Newsweek Editor's Book Review: Establishment Now Admits Reagan's Greatness

January 9th, 2006 8:08 AM

In Sunday's "Book World" section of The Washington Post, Newsweek managing editor Jon Meacham reviewed the new book by Richard Reeves titled "President Reagan: The Triumph of Imagination." He noted:

President Reagan marks a surrender of sorts. The establishment has, for the moment at least, given in and decided that Reagan was a great historical figure after all. That Reeves arrived at such a conclusion is particularly notable. Twenty years ago, in 1985, he published The Reagan Detour , arguing that "the Reagan years would be a detour, necessary if sometimes nasty, in the long progression of American liberal democracy."

...[H]e was never, as a bitter House Speaker Thomas P. "Tip" O'Neill once said, "lazy and short-sighted." Reagan may not have been the most brilliant man in the room, but he was generally the most powerful, and that he made his rise through the world look so effortless is a tribute to his grace. As for his alleged short-sightededness -- well, you do not hear many Americans speaking of how we are living in the long shadow of Tip O'Neill.

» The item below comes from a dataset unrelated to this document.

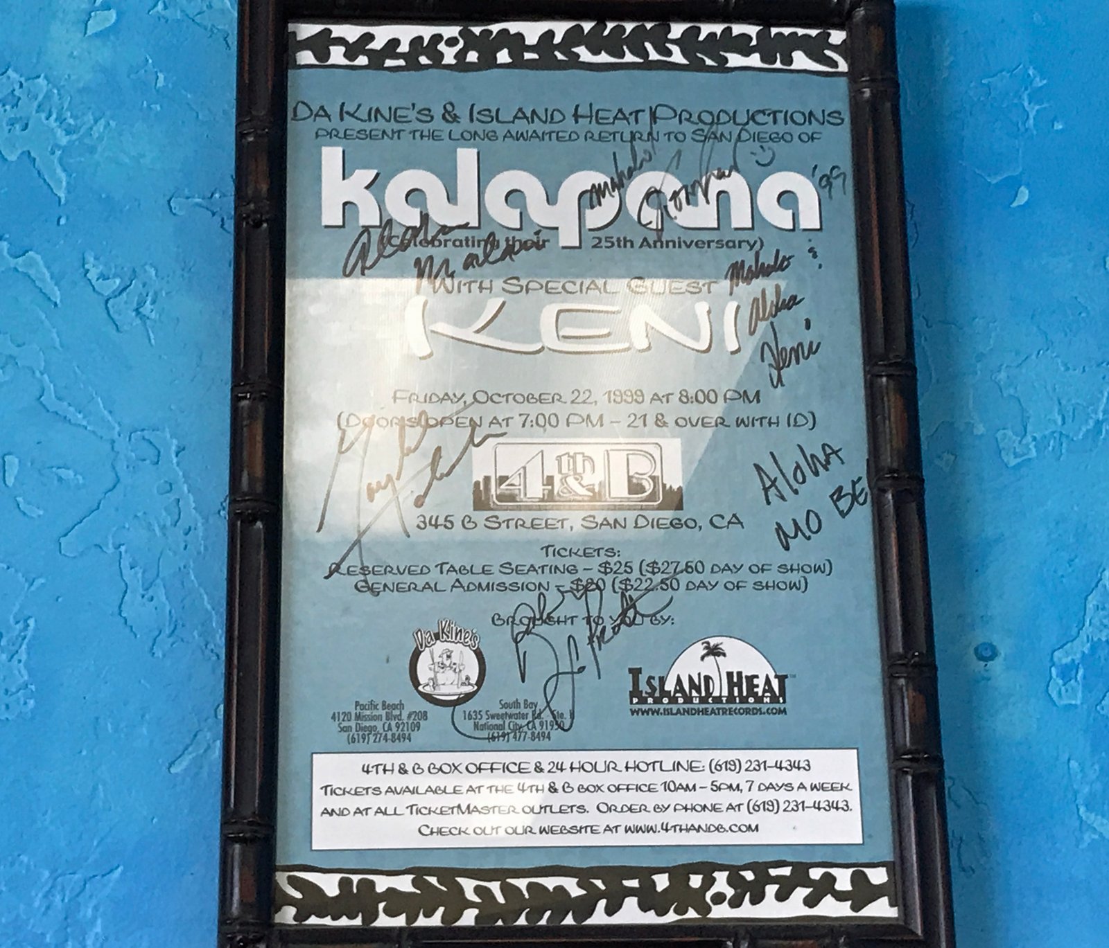 It was nice to see a couple of multi-generational families come in….I haven't seen this many people from Hawaii in one place on the Mainland in a while. "Uncle Nelson" is indeed beloved. And he's done quite a bit over the years for the Ex-pat Kama'aina community in San Diego. I actually went to that Kalapana Concert in 1999 partially sponsored by Da' Kine's. I was consulting here and stayed the weekend. Kalapana, along with C&K and Olomana defines what contemporary local music was to me when I was growing up back in the 70's. My friends brother sneaked us into Top Ada Shoppe to hear Kalapana and then later Summer play. I felt sad at that concert in 1999 because it was the year that Mackey Feary committed suicide. RIP Malani Bilyeu who passed away at the end of 2018.

Meacham began by telling a story about former Treasury Secretary and Chief of Staff Don Regan realizing he was an idiot to underestimate Reagan as not very smart. But that's very much the way the liberal media treated Reagan from his arrival on the national scene until he began his descent into Alzheimer's in 1994. Meacham does try to insert a paragraph of all of Reagan's "foibles," so he doesn't sound too conservative. But he also tries to suggest Reagan was less doctrinaire than George W. Bush, and that the Bushies should read the Reeves book:

This book could also be usefully read at the highest levels of the Bush administration. Reagan was much more complicated than the Gipper of popular conservative mythology. He was not an uncompromising, inflexible cold warrior who ignored the natterings of critics and the press. He was, instead, a deft negotiator -- the old Screen Actors Guild president doing his thing. Moreover, through Nancy, he knew what Washington was saying about him -- and corrected course when he had to.

That's a cute paragraph, but what Meacham is really admitting in this review is that Reagan was much more complicated than the Gipper of liberal media mythology. Conservatives living in the Reagan years knew he was not immune to being swayed by liberal media urgings (although he was much more immune than many Republican presidents before and after). Many worried he was going too soft on the Soviets in the second term. But he stayed true to his vision even as his tactics changed, and the story of the Cold War had a pretty happy ending -- happier than if Newsweek had its way in running the country.